Sling Drive

Faster than Light technology has been a dream for mankind since the ancient days of the 20th Century. With the extreme distances involved in interstellar travel, reaching even the closest stars to Sol would take multiple years. The ability to travel faster than the speed of light would drastically cut down the time it would take to traverse the galaxy.   This dream of faster than light travel remained elusive for centuries, with countless individuals working on the problem.
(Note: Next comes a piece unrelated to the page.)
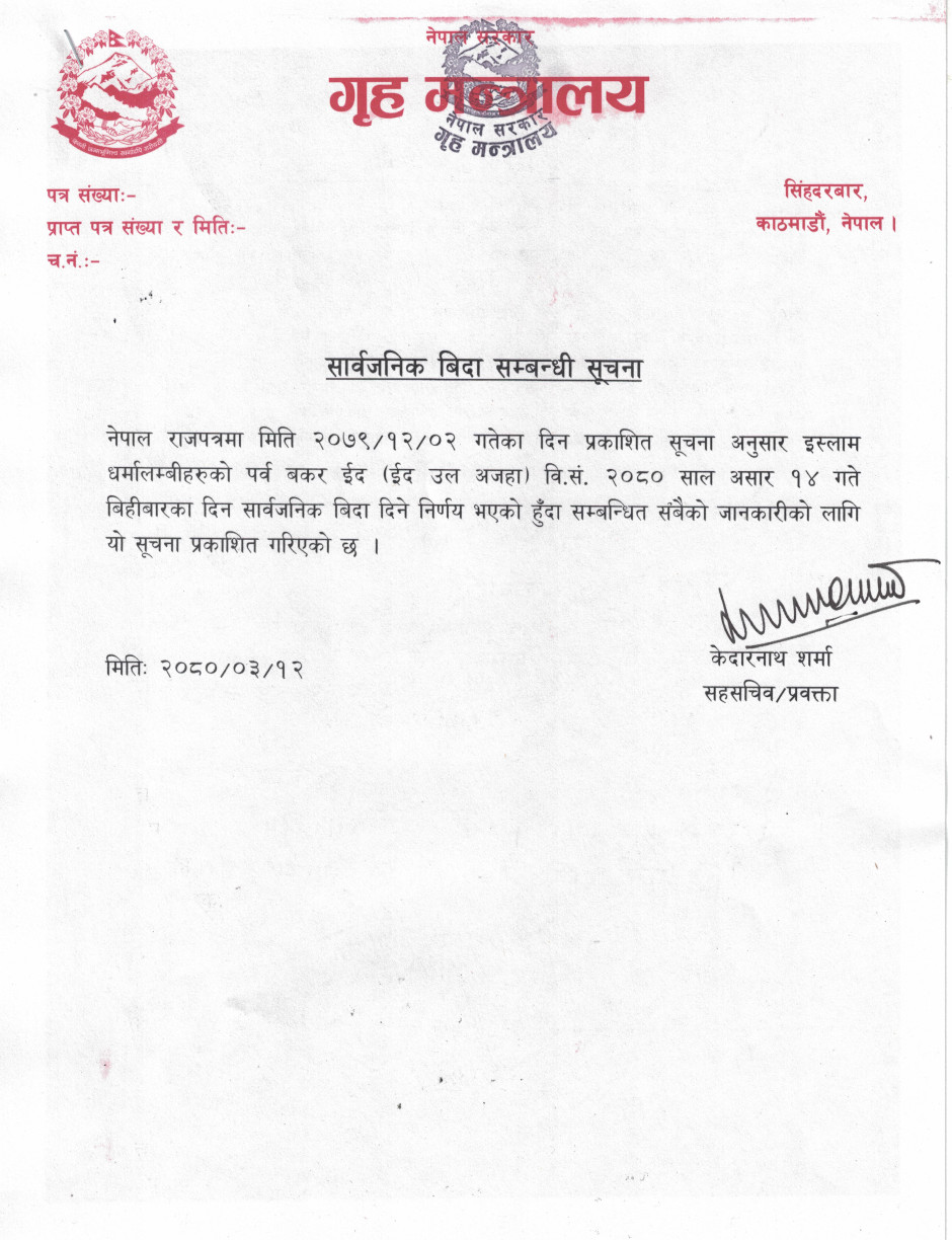 सार्वजनिक बिदा सम्बन्धी सूचना (बकर ईद (ईद उल अजहा) को अवसरमा)

Theories about warp bubbles, wormholes, and negative energy were pushed forward but still no working design had been created.   The breakthrough came in the late 24th century in the form of the Gravity Sling, the first practical method of achieving Faster then Light travel mankind had devised. Inspired by the "slingshot" gravity assist maneuvers that have been common in spaceflight for centuries, a Gravity Sling charges up by diving into a gravity well on a slingshot trajectory and then releases the stored energy in the form of a short-lived warp bubble. The lifespan of a warp bubble is dependent on how much gravitational potential it is charged with, and large amounts of power must be provided constantly.   Both the speed and distance that a vessel equipped with a Sling Drive can travel before the warp bubble collapses is proportional to the size of the drive and the "depth" of the gravity well being slung past.   Even relatively small bodies like gas giants can have deep enough gravity wells to charge the drive. The range of such a charge is short, but typically long enough for a short journey across a single solar system.   Travelling to low mass extra-solar bodies such as brown dwarf stars can be risky, as the gravity well may not be deep enough to charge the drive enough for a return trip. Countless vessels have been lost in this way.   There is no theoretical upper limit to the range of a Sling Drive of any size, however there is a practical upper limit. This limit is dependent on the vessel the Sling Drive is mounted on, and is determined by how close the vessel can physically get to an extremely dense stellar object such as a black hole or neutron star before the vessel's structure is torn to shreds by differential forces.   Although modern Sling Drives are far smaller than the early prototypes and production models, the smallest viable Sling Drive is still as large as a bus and requires the energy output of a small nuclear reactor to run.